Black Atlantic Christianity comes into being with this painful truth. The Christianity it works with is necessary, powerful, and living but not very appealing. It lacks appeal because, enamored of the power and beauty of whiteness, this Christianity presents itself to no one but itself and tragically invites “nonwhite” peoples to do the same. An intellectual life formed in so unappealing a setting becomes crushingly insular… I am not dismissing the important parental legacy of Christianity in nurturing key intellectuals of the modern West, and especially intellectuals of the Black Atlantic. But we must not allow this legacy to blind us to the aching absence of a truly Christian intellectual community at the heart of church life in this world. Such a Christian community would reflect in its work the incarnate reality of the Son who has joined the divine life to our lives and invites us to deep abiding intellectual joining, not only of ideas but of problems, not only of concepts but of concerns, not only beliefs and practices but of common life, and all of it of the multitude of many tongues.

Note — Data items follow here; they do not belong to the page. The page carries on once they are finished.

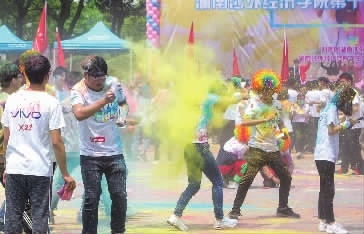 4月27日下午,beat365官方网站的校园里一片彩色的海洋,数千名师生脸涂玉米彩粉手持彩旗环绕校园开展活力彩跑,欢笑声、呼喊声,嗨翻了整个校园。此次彩跑活动是beat365官方网站社团风采月启动的开场大戏,当天共有来自全校50多个社团的数千名同学和老师参加了环校彩跑。  记者 黄京 通讯员 张淑君 龙慧敏 李凌骏 吴晓蕾
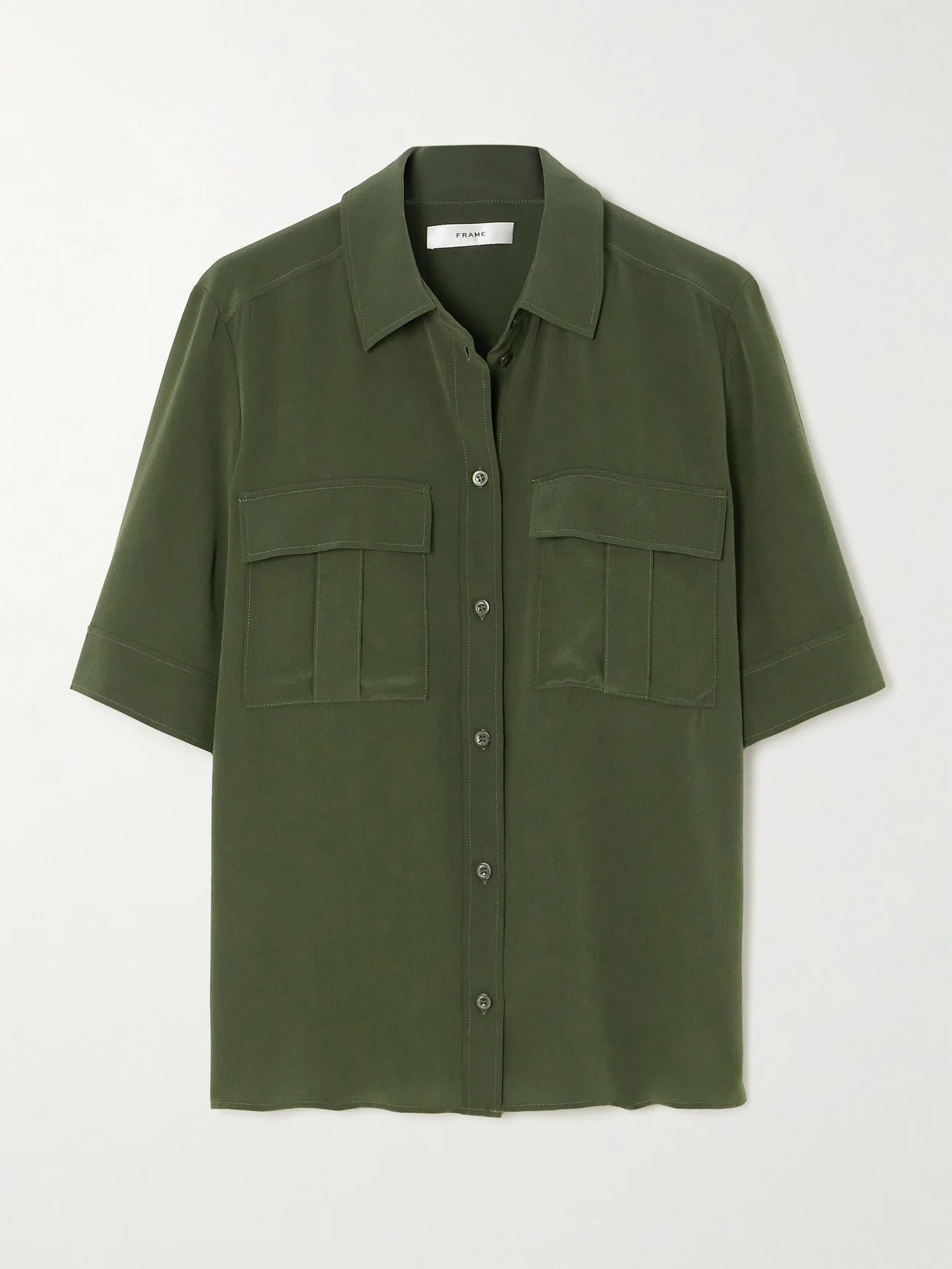 From the lush green hue to the utilitarian chest pockets, FRAME's shirt is reminiscent of military styles. It's made from silk-crepe and has a loose fit. Style yours with tailoring or jeans.
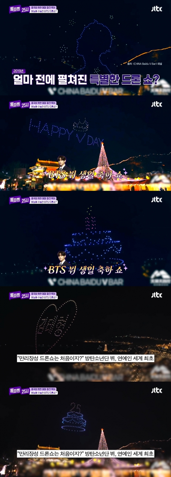 이날 방송에서는 지난 2019년 뷔의 중국 팬클럽 '바이두뷔바'가 뷔의 생일을 축하하며 연예인 세계 최초로 고북수진에서 펼친 드론쇼가 전파를 탔다.
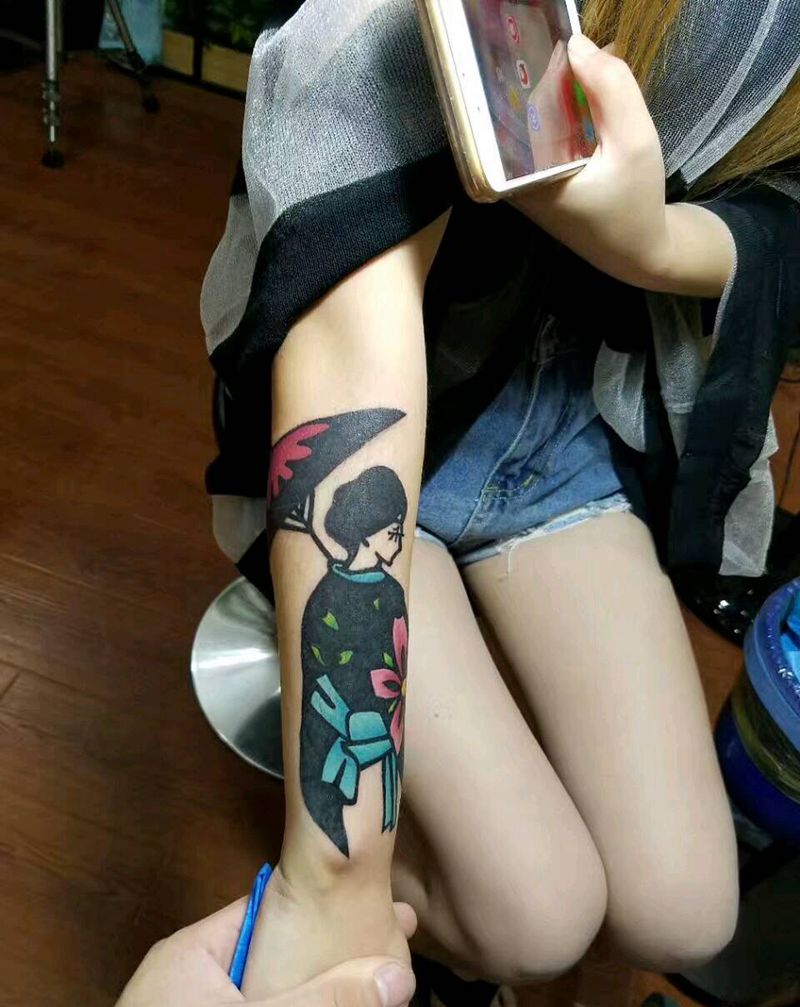 当前位置: 首页 >江苏省苏州市纹身店-昆山木鱼堂纹身工作室纹身图案>小臂日本艺姬纹身图片

-Willie James Jennings, The Christian Imagination: Theology and the Origins of Race
Jennings captures something so innate to Western Christianity that it is mostly invisible, namely that its rootedness in whiteness leads to an intellectual life that is not particularly Christian. Consider, for example, current white Christian engagement with the Republican presidential nominee. On one side are the supporters who are blind to the threat this man poses to many within the diverse Christian family. On the other side are those who cannot imagine any scenario in which a Christian could support the nominee and yet whose opposition has little physical contact with the lives and concerns of Black and Brown Christians.
Jennings hints at an alternative in which white Christianity redirects its gaze and the seat of its authorities to “non-white” communities and concerns. There is a common life available but the conversion will be a kind of death for those whose experience of God was birthed in the insularity of whiteness.